John Palfrey, Biblio Tech

Eng. & Comp. Sci Library, U Toronto.   Wikimedia Commons.

A former librarian at Harvard Law School under Dean Elena Kagan, John Palfrey was what librarians call a “feral” – a librarian without formal library science training. (He’s since gone to Philips Academy as Head of School – again a feral, without formal high school experience). He is clearly loyal to libraries: he does not see them as potential profit centers or dismiss the books on their shelves as irrelevancies in a digital age.

That said, he promises “tough love” for libraries. Sure, he says, ebook-reading has plateaued. Yes, we’ve witnessed an outpouring of love for paper, for bindings, for detailed colophons, for book-craft and the country’s remaining bookstores. But this is the last summery day before the frost: the weather is changing rapidly. Though librarians across the country have initiated some extraordinarily imaginative projects to reengage the public, tech companies – Google, Amazon, Facebook – have far deeper pockets. Their projects don’t just encompass a library or a library system; their projects reach the entire online world, fundamentally recasting the social meaning of information and knowledge and literacy. Libraries just can’t compete with such resources and relentless focus.
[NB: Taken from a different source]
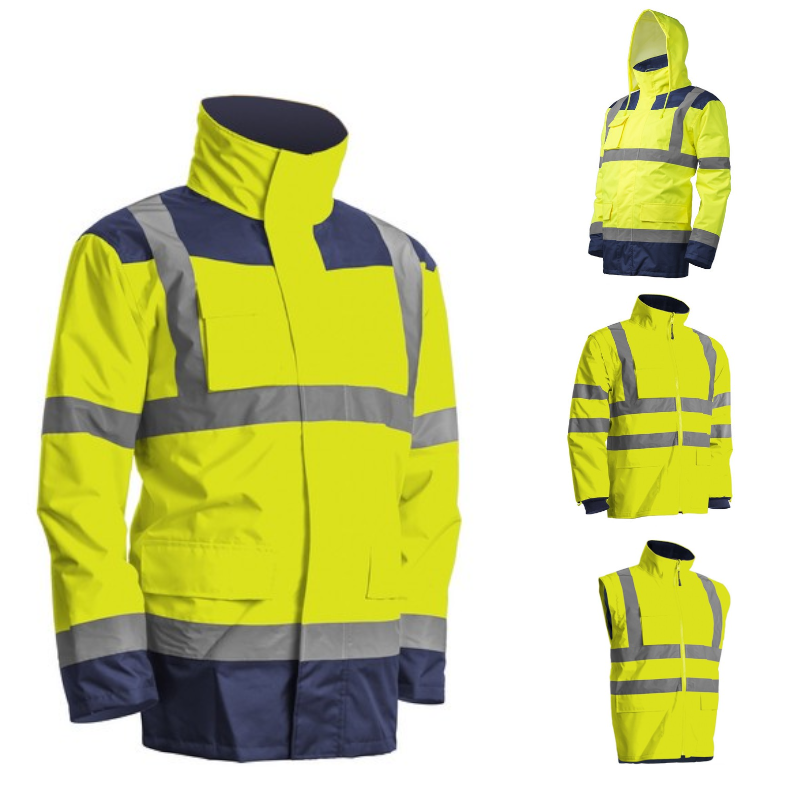 • model 4 în 1 : haina detașabilă cu ajutorul fermoarului, exteriorul din Oxford 300D PES impermeabilizat cu PVC fluorescent, și căptușeala polar de 280 g/m2, respectiv căptușeala călduroasă din tafta poliesterică din mâneci; prin detașarea mânecilor se poate transforma în vestă, manșete tricotate, 3 buzunare cu capac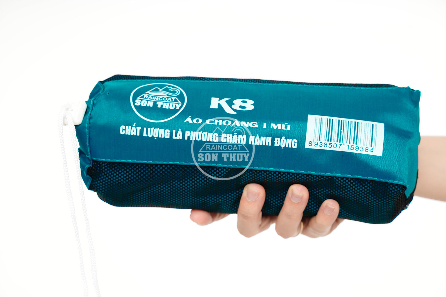 Áo mưa choàng kính K8 dành cho một người đi xe máy. Đây là một trong những sản phẩm best seller của Công ty Sơn Thủy khi mùa mưa tới.

Palfrey insists that libraries must, right now, remake themselves in ways permanently valuable to their communities and and to the nation, creating new experiences to compensate for the loss of oak tables, narrow stacks, and the fusty odors of old leather and paper.

If he’s right, the threat to libraries isn’t from technology per se. It’s from tottering state and local budgets. I just learned that Douglas County, Oregon – where I spent my summers with an uncle and aunt – has closed all its county libraries for lack of funds. The county’s 100,000 people are now unable to borrow books, read the magazines secreted on the web behind paywalls, or, if they’re young, learn that reading is more than a skill: it’s magic.

The library in Roseburg, a small but solid facility newly-built back in the 70s, is now just an occasional meeting venue. Technology companies make more information available, but don’t (and can’t) make it visible.

How does Dystopia begin? As an item on the agenda of a regular Wednesday meeting meeting of the County Board of Commissioners.